What would happen if we use the phrase "diagnostic
intervention" instead of "psychological/psycho-educational
assessment"?
When we use the word "assessment" we
assume that the child whom we "assess", along with his home and
school environments, are "static", unchanging, at least during the assessment
process itself. We "study" the
child and the interactions between him and his home and school environments,
and in effect "take a picture" or a "snapshot" of the
situation.
But in fact we psychologists do much more than
taking a snapshot when we perform a psychological/psycho-educational
assessment. We perform a diagnostic intervention.
The word "intervention" designates a
process of change (sometimes, maybe, an uninvited change), a change that
happens when someone "intervenes" in the status quo.
Each and every question we ask during the
interviews with the child, with his parents and with the educational staff, and
the way we react to what our clients say, are diagnostic interventions. They instigate
thought and change. When we unfold with
the parents and the child the child's developmental and educational history and their family history,
we are not merely passive audience to the existing narratives the parents and
the child have. Our questions, and the
ways we ask them, open new perspectives, create changes in the narratives and
enrich of the narratives. We are active
participants in the making of these changes.
Every interaction we have with the child
during testing is a diagnostic intervention.

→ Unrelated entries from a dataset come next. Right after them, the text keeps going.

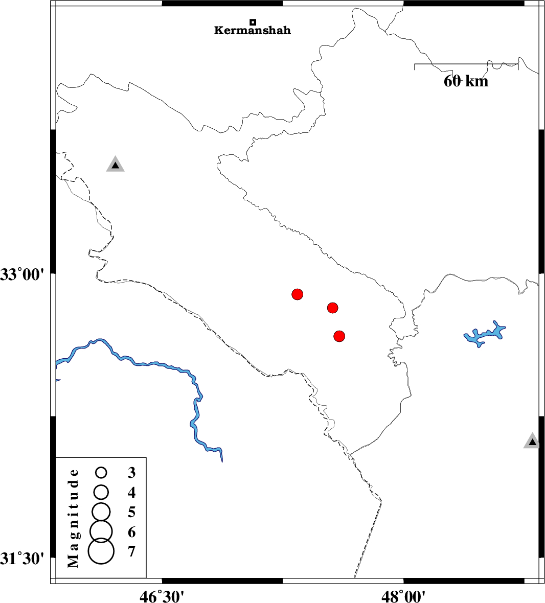 | 2015/03/01 | 02:43:54.5 | 06:13:54.5 | 32.82 | 47.56 | 14 | ML3 | Ilam Province, 14 km South of Abdanan |
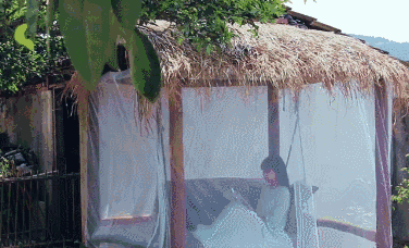 院子里有木制的凉亭,竹制的秋千架,夏天可以在这里吹风乘凉;
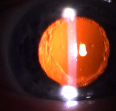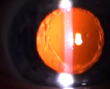 Durch das Wachstum von verbliebenen Linsenzellen im Bereich des peripheren Linsenkapselsackes kann es im Laufe von 1 - 5 Jahren zur Ausbildung von Nachstar kommen, d.h. Auflagerungen auf der Linsenkapsel, die wenn sie im optischen Zentrum liegen, das Sehvermögen erheblich reduzieren können.
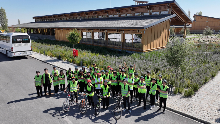 Konya Büyükşehir Belediyesi Zabıta birimlerinin ve öğretmenlerin eşlik ettiği sürüş etkinliği kapsamında öğrenciler, Çatalhöyük Tanıtım ve Karşılama Merkezi’ni de ziyaret ederek rehberlerden bilgi aldı.
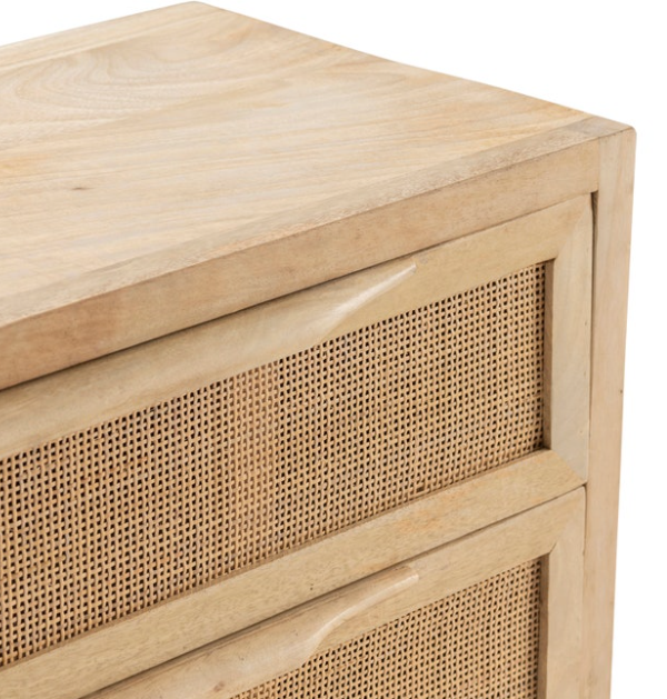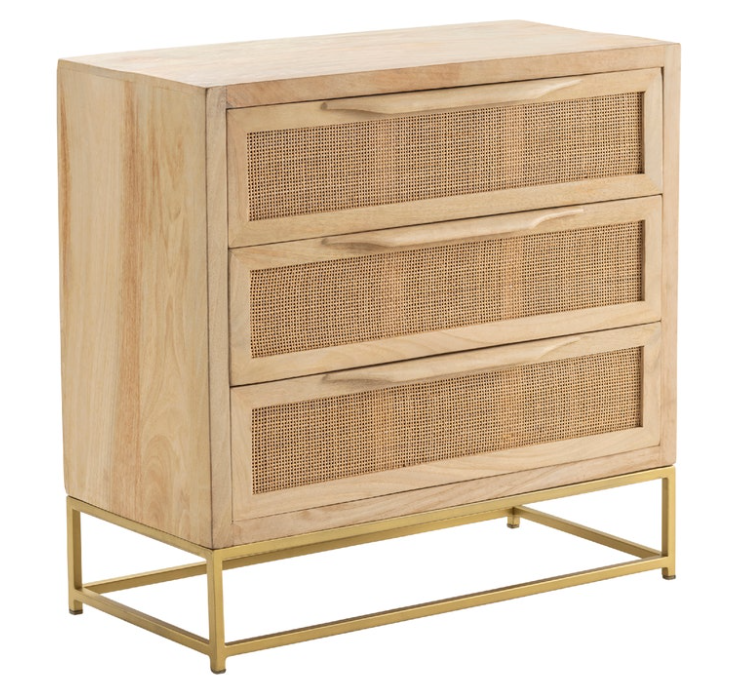 This Natural Cane Chest has three drawers that provide ample hidden storage space. Each drawer features a cane front. A gold, metal base holds up the light-brown wooden construction of the chest. This coastal, transitional piece makes the perfect accent piece for your living room or hallway.

In every interaction we not only learn about the child, the relation
between us and the child, and about ourselves – we intervene and create a
change in the child, in the relationship, and yes, also in ourselves. The child emerges from the testing process
with new knowledge about himself.
The feedback and follow up processes are
diagnostic interventions. The things we
say and the way we say them affect the parents' narratives about their child
and about their relationship with the child, the teacher's narratives about the
child and his or her relationship with the child, and the narrative the child
constructs about himself.
A few years ago, I asked an adolescent, in the
beginning of the testing session, which kind of tasks he wants to begin
with: visual tasks, in which he works
with shapes and models, or verbal tasks, in which he answers questions. The boy said:
"We better start with verbal tasks, since I'm not good with visual
tasks". "What makes you think
so?" I asked. "That's what I
understood from my prior assessment" he answered. Eventually, this boy did in the visual tasks
as well as in the verbal tasks. What a
shame that he had such a notion about himself.
This was thought provoking and saddening for me, since I was the one who
performed his prior assessment!
We have to think how
to conduct the feedback session in a way that will make the child, his parents
and the educational staff feel emboldened with a sense of self-efficacy and hope.
If all this is not an intervention process, I don't know
what an intervention process is.
So – "diagnostic intervention".
If we write in our report heading "Diagnostic
Intervention Report", this may strengthen our awareness that we did not
take a snapshot of the child's situation or status. We took a "selfie" with the child,
his family and the educational staff. We
are not outside the intervention. We are
part of the intervention. And the
"selfie" is not a "stills" but a video of a dynamic
situation in which we are conducive to a change. Luckily, the child, the family and the school
environment are dynamic, and thus an improvement is always possible.
If we write in the heading of our report
"A Summary of a Diagnostic Intervention", this may strengthen our
awareness that we did conduct an intervention, that we even implemented some of
our recommendations during the diagnostic intervention itself. This may lead us to try to think and what
exactly was the intervention we conducted.